Conto: Amor e Fúria
Publicado em 03/08/2020 | 10:37 - 1461

O ano é 2080, dia 20 de Outubro, aniversário de Nairit Sagun, gênio indiano que descobriu um meio de conectar seu cérebro a um computador, não teve acesso a inúmeras informações como diziam as mais otimistas mentes, mas com a ajuda de vários processadores interligados, aumentou muito sua capacidade e velocidade de raciocínio e desenvolveu o hábito de analisar várias coisas simultaneamente. Isso aliado à uma curiosidade intrínseca e sua paixão por robótica, o levou a viabilizar a nanotecnologia, através de processamento óptico efetuado via cristais. Com isso a tecnologia mundial deu um salto gigante, no começo foram os exoesqueletos ligados externamente ao cérebro, depois viraram armaduras usadas para combate, até finalmente chegar às próteses e quase todos os órgãos do corpo humano. Algumas pesquisas do Dr. Nairit foram banidas, outras roubadas, como a teoria da viagem no tempo ou a revitalização de cadáveres. Alberto, um empresário bem sucedido, teve sua família brutalmente assassinada há muitos anos. Graças aos avanços da medicina que prolongaram sua vida, ainda parece jovem, mesmo com mais de um século de idade. Desiludido com as mulheres, que pareciam apenas procurar nele um meio de se sustentar, resolveu se envolver com um homem, um transformista que fazia shows em boates na região central de São Paulo, cidade que se tornou uma megalópole. Após alguns meses, desistiu de Cláudio, pois este era muito possessivo, ciumento, até violento. Quando Alberto terminou o relacionamento com Cláudio, este saiu de casa sem dizer uma palavra. Desapareceu por alguns dias, reaparecendo em uma quinta-feira à noite. Tentou abrir a porta da casa de Alberto, mas a chave não funcionava mais.

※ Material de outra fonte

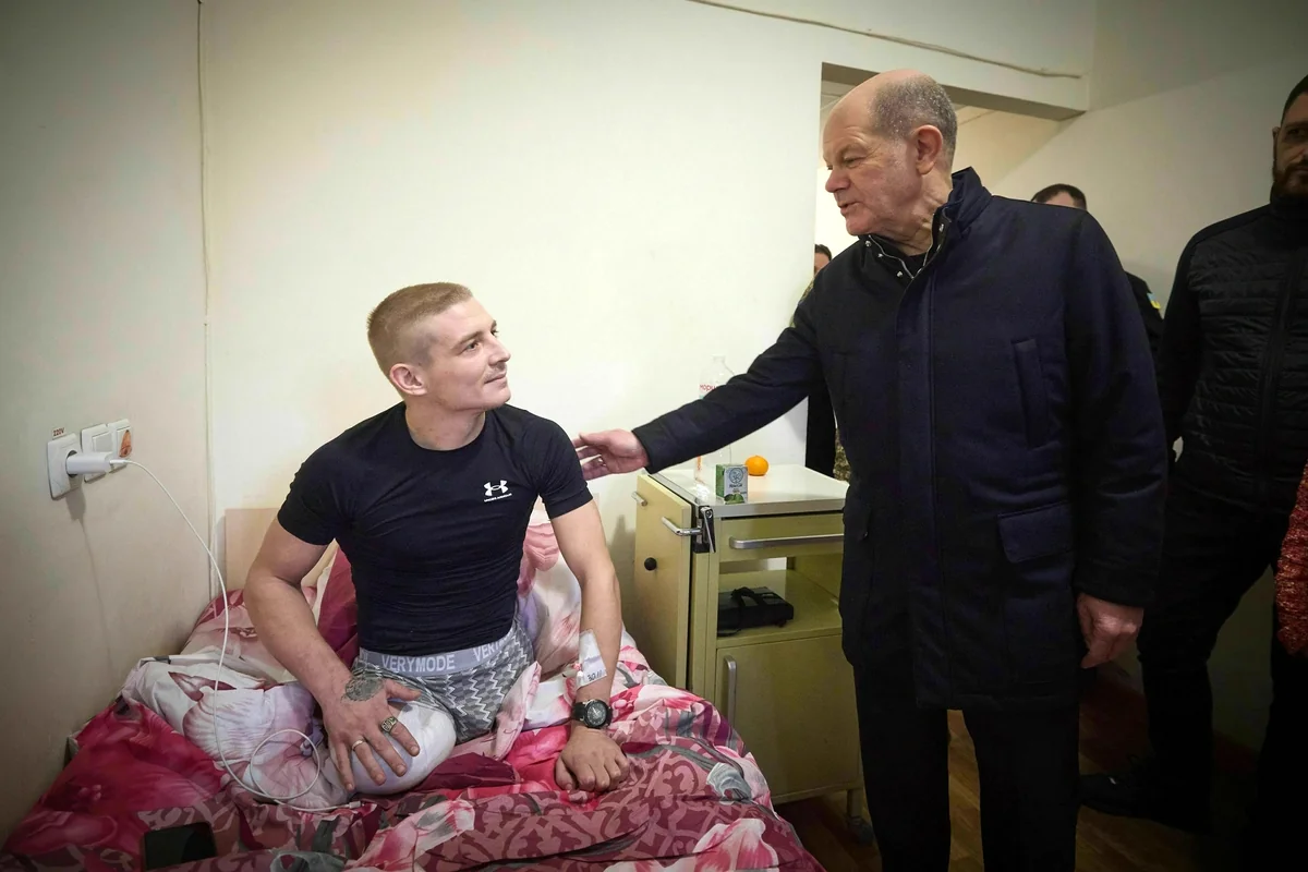 Unmittelbar nach seiner Ankunft besuchte Scholz gemeinsam mit Selenskyj ein Krankenhaus, in dem verwundete ukrainische Soldaten behandelt werden. Anschließend legten die beiden Politiker Blumen am Gedenkplatz für die gefallenen ukrainischen Soldaten auf dem Maidan nieder.

- Como você pode fazer isso comigo? – Gritava Cláudio. – Já trocou a fechadura? – Perguntava enquanto esmurrava a porta.
Alberto ouvia os gritos e barulhos deitado em sua cama. Não queria confusão, não queria uma cena. Ouviu quando Cláudio parou de bater na porta da frente. Ficou alguns minutos deitado, em completo silêncio, quando ouviu um barulho de passos bem leves no corredor que levava aos quartos. Voltou toda sua atenção à porta e resolveu pegar uma arma que guardava na gaveta do criado mudo ao lado da sua cama. Mas só teve tempo de abrir a gaveta, quando a porta foi aberta com um chute de Cláudio. - Você vai pagar caro. Se não for meu, não será de mais ninguém. – Gritou ele da porta. Com uma faca de cozinha na mão, grande o suficiente para atravessar o corpo de Alberto. Cláudio pulou para cima de Alberto, com a faca na frente, e este mal teve tempo de se desviar, rolando para o lado. Cláudio bateu com o cotovelo na nuca do Alberto, que caiu da cama e se levantou. Cláudio voltou a atacar, Alberto desviava a faca com um travesseiro que pegou na cama, até que conseguiu fazer o outro derrubar a faca. Durante algum tempo, lutaram ferozmente de socos e chutes, até ficarem bem cansados e machucados. Estavam cada um de um lado da cama, Cláudio percebeu que estava pisando na faca, se abaixou e pegou-a novamente. Alberto percebendo o perigo, foi até o criado mudo e pegou sua arma, ao se virar se deparou com Cláudio quase em cima dele. Não teve dúvidas e puxou o gatilho. Disparou as seis balas sobre o ex companheiro. Fugiu de casa deixando o corpo no quarto.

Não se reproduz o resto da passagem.